### TASK TO COMPLETE
Retype, exactly as they appear below, the lines between the line holding "全市场所有行业板块中主力多头" and the line holding "荒れてた生徒が成人式後の同窓", both ends included.

┌──

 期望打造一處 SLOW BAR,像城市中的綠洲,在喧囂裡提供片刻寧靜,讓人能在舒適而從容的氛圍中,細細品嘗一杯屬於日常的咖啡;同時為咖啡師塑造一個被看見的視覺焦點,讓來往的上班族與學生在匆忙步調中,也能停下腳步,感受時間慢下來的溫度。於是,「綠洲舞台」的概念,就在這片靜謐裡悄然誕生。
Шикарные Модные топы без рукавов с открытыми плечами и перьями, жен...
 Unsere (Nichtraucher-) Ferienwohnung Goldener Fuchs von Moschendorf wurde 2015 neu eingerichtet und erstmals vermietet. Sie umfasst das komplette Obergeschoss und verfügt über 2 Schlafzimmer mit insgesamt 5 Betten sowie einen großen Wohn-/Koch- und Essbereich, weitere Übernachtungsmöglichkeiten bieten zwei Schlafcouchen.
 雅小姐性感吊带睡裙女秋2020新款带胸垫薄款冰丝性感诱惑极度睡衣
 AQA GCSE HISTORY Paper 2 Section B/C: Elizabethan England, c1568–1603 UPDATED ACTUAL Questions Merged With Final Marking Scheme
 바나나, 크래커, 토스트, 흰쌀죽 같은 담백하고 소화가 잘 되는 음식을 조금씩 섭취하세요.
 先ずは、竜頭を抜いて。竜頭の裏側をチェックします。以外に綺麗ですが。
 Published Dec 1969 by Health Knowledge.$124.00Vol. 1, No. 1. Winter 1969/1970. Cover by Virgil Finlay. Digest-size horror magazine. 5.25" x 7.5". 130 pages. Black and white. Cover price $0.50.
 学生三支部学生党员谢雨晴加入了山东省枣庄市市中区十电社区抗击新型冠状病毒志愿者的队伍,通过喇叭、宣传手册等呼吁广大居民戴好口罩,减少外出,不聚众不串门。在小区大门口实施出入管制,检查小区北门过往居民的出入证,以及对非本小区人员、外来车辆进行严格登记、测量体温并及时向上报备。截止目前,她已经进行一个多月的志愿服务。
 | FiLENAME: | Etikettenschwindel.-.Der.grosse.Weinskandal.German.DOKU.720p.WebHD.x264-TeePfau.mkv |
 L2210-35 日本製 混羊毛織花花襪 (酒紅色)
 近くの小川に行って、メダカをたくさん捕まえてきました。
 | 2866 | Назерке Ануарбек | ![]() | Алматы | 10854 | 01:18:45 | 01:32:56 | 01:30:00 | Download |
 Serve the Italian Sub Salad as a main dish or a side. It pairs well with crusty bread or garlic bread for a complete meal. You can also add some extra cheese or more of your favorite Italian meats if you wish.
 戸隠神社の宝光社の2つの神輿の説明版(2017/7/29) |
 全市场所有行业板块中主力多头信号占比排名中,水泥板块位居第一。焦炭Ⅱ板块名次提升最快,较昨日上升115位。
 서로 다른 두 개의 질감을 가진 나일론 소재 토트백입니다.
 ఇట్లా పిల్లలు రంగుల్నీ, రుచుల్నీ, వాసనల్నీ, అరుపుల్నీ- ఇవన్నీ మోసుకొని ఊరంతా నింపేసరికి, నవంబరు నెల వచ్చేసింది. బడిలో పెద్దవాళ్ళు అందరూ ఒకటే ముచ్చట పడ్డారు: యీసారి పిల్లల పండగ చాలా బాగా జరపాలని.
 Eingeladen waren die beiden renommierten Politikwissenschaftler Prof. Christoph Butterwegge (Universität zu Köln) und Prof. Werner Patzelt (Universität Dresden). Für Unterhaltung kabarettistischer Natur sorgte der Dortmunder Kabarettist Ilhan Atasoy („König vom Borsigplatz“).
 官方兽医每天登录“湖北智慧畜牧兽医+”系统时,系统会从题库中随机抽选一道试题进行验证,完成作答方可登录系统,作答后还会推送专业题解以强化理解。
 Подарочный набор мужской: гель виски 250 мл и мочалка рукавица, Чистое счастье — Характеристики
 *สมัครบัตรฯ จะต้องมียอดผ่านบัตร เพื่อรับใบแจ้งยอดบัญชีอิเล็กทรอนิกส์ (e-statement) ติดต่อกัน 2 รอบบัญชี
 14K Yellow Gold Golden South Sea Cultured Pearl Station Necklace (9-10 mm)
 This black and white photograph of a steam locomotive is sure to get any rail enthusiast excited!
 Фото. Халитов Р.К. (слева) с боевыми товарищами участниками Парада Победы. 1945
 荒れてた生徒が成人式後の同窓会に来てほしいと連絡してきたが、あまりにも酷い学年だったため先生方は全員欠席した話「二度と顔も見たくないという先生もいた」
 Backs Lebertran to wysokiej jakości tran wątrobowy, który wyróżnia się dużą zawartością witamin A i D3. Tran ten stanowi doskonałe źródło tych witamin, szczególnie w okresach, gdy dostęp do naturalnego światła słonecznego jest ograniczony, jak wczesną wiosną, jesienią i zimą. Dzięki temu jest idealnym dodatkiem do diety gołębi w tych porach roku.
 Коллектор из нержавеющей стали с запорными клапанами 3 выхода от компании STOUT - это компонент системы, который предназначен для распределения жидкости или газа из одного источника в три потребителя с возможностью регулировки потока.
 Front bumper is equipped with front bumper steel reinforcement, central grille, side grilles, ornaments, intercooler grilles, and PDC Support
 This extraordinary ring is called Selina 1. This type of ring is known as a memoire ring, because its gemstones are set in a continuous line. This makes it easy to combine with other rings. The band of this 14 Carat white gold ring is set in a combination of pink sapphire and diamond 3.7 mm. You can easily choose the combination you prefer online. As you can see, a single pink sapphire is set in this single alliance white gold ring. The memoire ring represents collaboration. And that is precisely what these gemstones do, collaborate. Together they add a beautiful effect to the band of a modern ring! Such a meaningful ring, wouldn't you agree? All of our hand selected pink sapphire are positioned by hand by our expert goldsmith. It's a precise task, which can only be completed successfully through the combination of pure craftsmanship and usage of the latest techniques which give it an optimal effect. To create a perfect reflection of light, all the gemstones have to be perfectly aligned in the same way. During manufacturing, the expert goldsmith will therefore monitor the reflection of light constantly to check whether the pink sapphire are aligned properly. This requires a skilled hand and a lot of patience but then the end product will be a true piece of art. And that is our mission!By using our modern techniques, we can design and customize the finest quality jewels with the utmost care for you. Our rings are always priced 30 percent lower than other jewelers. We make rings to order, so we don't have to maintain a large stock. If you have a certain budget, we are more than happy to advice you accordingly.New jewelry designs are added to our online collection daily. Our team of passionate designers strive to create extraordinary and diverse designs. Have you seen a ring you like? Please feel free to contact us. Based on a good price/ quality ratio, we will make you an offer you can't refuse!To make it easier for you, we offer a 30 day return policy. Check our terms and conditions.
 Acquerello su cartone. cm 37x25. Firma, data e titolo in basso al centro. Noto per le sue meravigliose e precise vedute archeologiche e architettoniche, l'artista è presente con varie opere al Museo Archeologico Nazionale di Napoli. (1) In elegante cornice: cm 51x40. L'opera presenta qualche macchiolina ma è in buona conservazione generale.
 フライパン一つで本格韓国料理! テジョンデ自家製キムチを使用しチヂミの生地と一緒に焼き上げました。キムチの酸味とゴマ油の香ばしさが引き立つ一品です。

└──

### TASK SOLUTION
 全市场所有行业板块中主力多头信号占比排名中,水泥板块位居第一。焦炭Ⅱ板块名次提升最快,较昨日上升115位。
 서로 다른 두 개의 질감을 가진 나일론 소재 토트백입니다.
 ఇట్లా పిల్లలు రంగుల్నీ, రుచుల్నీ, వాసనల్నీ, అరుపుల్నీ- ఇవన్నీ మోసుకొని ఊరంతా నింపేసరికి, నవంబరు నెల వచ్చేసింది. బడిలో పెద్దవాళ్ళు అందరూ ఒకటే ముచ్చట పడ్డారు: యీసారి పిల్లల పండగ చాలా బాగా జరపాలని.
 Eingeladen waren die beiden renommierten Politikwissenschaftler Prof. Christoph Butterwegge (Universität zu Köln) und Prof. Werner Patzelt (Universität Dresden). Für Unterhaltung kabarettistischer Natur sorgte der Dortmunder Kabarettist Ilhan Atasoy („König vom Borsigplatz“).
 官方兽医每天登录“湖北智慧畜牧兽医+”系统时,系统会从题库中随机抽选一道试题进行验证,完成作答方可登录系统,作答后还会推送专业题解以强化理解。
 Подарочный набор мужской: гель виски 250 мл и мочалка рукавица, Чистое счастье — Характеристики
 *สมัครบัตรฯ จะต้องมียอดผ่านบัตร เพื่อรับใบแจ้งยอดบัญชีอิเล็กทรอนิกส์ (e-statement) ติดต่อกัน 2 รอบบัญชี
 14K Yellow Gold Golden South Sea Cultured Pearl Station Necklace (9-10 mm)
 This black and white photograph of a steam locomotive is sure to get any rail enthusiast excited!
 Фото. Халитов Р.К. (слева) с боевыми товарищами участниками Парада Победы. 1945
 荒れてた生徒が成人式後の同窓会に来てほしいと連絡してきたが、あまりにも酷い学年だったため先生方は全員欠席した話「二度と顔も見たくないという先生もいた」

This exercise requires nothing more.